I'm also interested in the basic issue because I have an old Epson 3200 (about three generations older than your V550), and I'd like to be able to scan 4x4 cm frames from 127 film. That said, two points: (1) Film height is an issue. AFAIK in film mode, the scanner focuses to the height of film in am one of he Epson film carriers. So if you put the film directly on the scanner glass, the scan may be out of focus. One option might be to put a thin piece of glass between the film and the scanner glass.
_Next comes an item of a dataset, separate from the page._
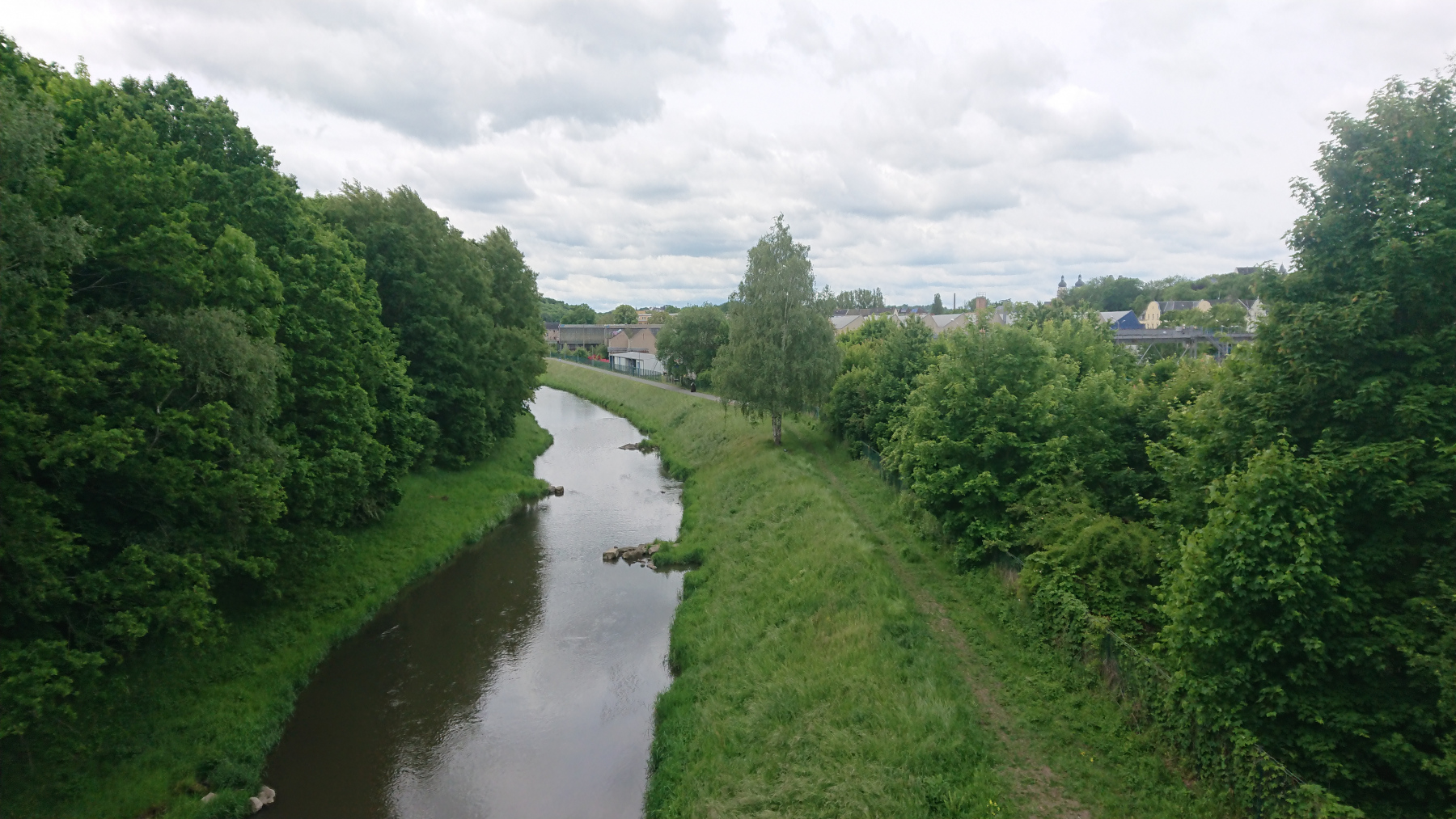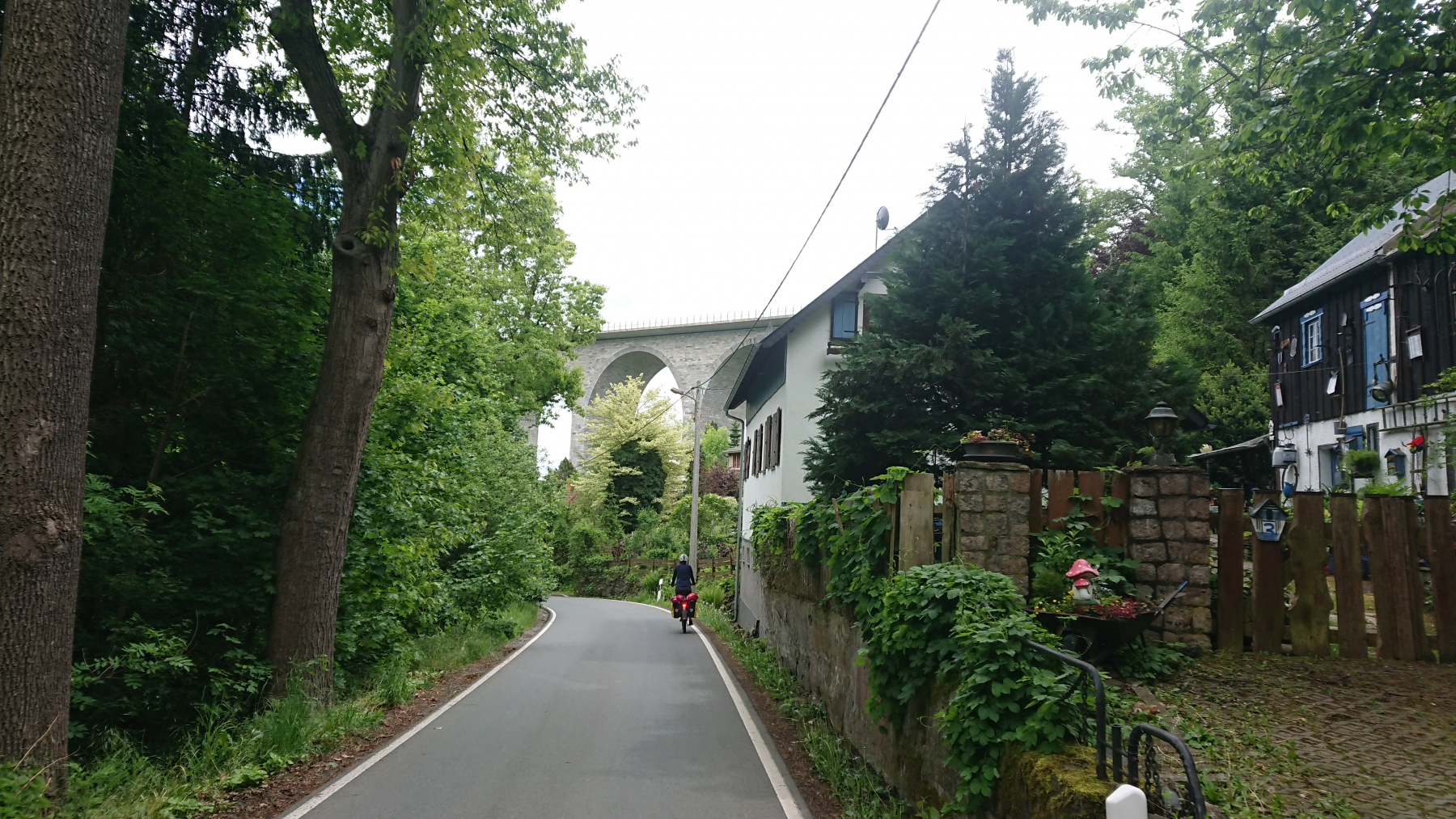 Da ist noch viel Luft nach oben. Zudem kommen uns immer wieder Gruppen auf Vatertagstour entgegen, was es an den Engstellen noch schwieriger macht. Den Radweg Weisse Elster kann man im Bereich von Plauen nur eingeschränkt empfehlen.

Another option might be if the scanner software has a mode intended for scanning regular transparencies, like were used decades ago on overhead projectors, and which (being much larger than anything other than the largest photographic film) presumably would sit right on the glass. (2) The suggestion, "I used sheet of white sheet of paper on top of the negative, because I think you want the light to reflect off the background and back through the negative," is wrong, and fundamentally misunderstands how film scanning on a flatbed is supposed to work. Your V550, my 3200, and others among these sorts of scanners do not illuminate the film the same way they illuminate documents. You remove a cover in the top, which lets a second light source in the transparency unit backlight the film. The lack of a transparency unit is why most flatbed scanners do such a terrible job scanning film.

I'm not sure I understand the question, but I'll take a crack at it. If the photographer reduces exposure, then that causes reduced signal. The photons coming through the lens and striking the sensor are the signal. The photographer can reduce the signal by shortening the exposure time (i.e. increasing the shutter speed) and/or reducing the size of the aperture (i.e. stopping down).
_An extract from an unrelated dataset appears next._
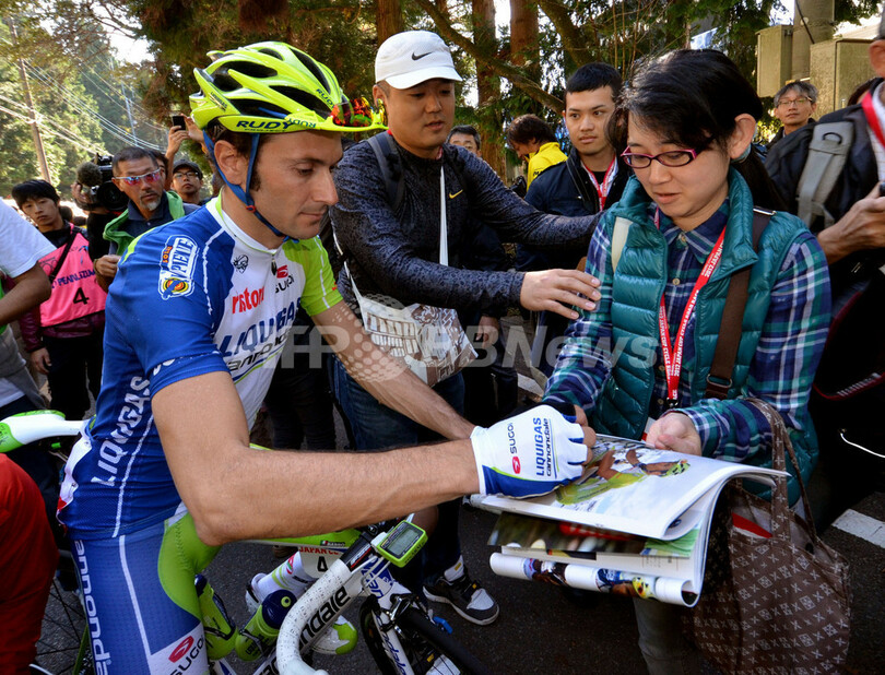 レース開始を前にファンのサインに応じるリクイガス・キャノンデールのイヴァン・バッソ(2012年10月21日撮影)。(c)AFP/Yoshikazu TSUNO

[Coming in late, but interested] Underexposure doesn't produce noise, or at least, not precisely-speaking; but it does reduce signal, which lowers signal-to-noise ratio, which appears (above some threshold of visibility, and especially insofar as postprocessing equalizes overall image brightness) as relatively more noise. Agree? Disagree? I think the similar-but-different test that might show very similar noise would be both at f/8 and 1/125 s but one at ISO 200 and the other at ISO 1600, and then equalize brightness in postprocessing. And I stress "might" because dual-gain sensors and non-linear gain ("ISO") settings can substantially change that behavior / result. Agree? Disagree?